(Dataset items)
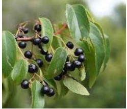
Maqui (Aristotelia chilensis)
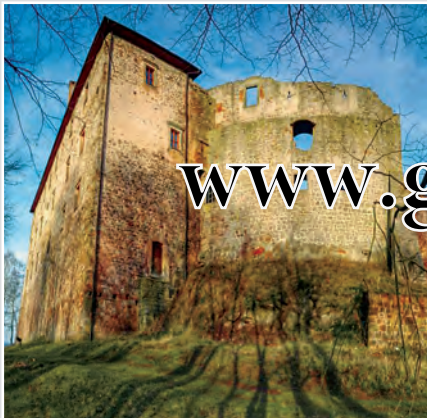
Raně gotický hrad Pecka ze 14. století stojí na skalnatém kopci nad stejnojmenným městečkem. Původní hrad nechal v 17. století Kryštof Harant z Polžic a Bezdruzic přestavět na renesanční zámek s hradbami.
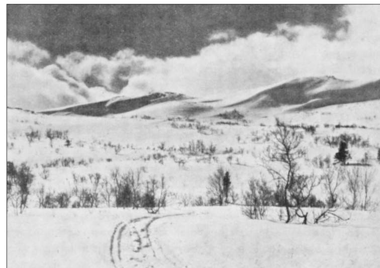
Mellom Rindal og Trollheimshytta.

Etter at de hadde forlatt hytta, var de snart framme ved Storli gard. Et navneskilt på gardsbygningen fortalte hvor de var. Egentlig hadde de tenkt å spørre om veggen videre over Trollheimen, men det var ikke tegn til liv å se på garden. Klokka hadde så vidt passert seks om morgenen 30. april. Etter litt rådslagning fortsatte de, for å komme fram til Folldalen og kjente trakter. Planene var greie, å gå opp fra Storli gard og inn i Hyttedalen og videre ned i Folldalen. Etter kvart skulle det vise seg at det ikke var så greit å gå i ukjent terreng – uten kart og kompass.
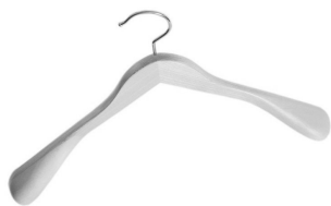
PAKIET DAMSKI 10 SZT.
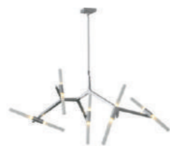
SL947.102.10 серебристый | белый

цоколь G9 2 × LED / 5 W в комплекте 4000 K ↑100 | ↔ 600 | ↗ 600 металл | стекло

Task item: Drop the pictures, then transcribe the lines from the one containing "Mellom Rindal og Trollheimshytta." to the end of the data above, exactly and nothing more.

Exercise response:
Mellom Rindal og Trollheimshytta.

Etter at de hadde forlatt hytta, var de snart framme ved Storli gard. Et navneskilt på gardsbygningen fortalte hvor de var. Egentlig hadde de tenkt å spørre om veggen videre over Trollheimen, men det var ikke tegn til liv å se på garden. Klokka hadde så vidt passert seks om morgenen 30. april. Etter litt rådslagning fortsatte de, for å komme fram til Folldalen og kjente trakter. Planene var greie, å gå opp fra Storli gard og inn i Hyttedalen og videre ned i Folldalen. Etter kvart skulle det vise seg at det ikke var så greit å gå i ukjent terreng – uten kart og kompass.
PAKIET DAMSKI 10 SZT.
SL947.102.10 серебристый | белый

цоколь G9 2 × LED / 5 W в комплекте 4000 K ↑100 | ↔ 600 | ↗ 600 металл | стекло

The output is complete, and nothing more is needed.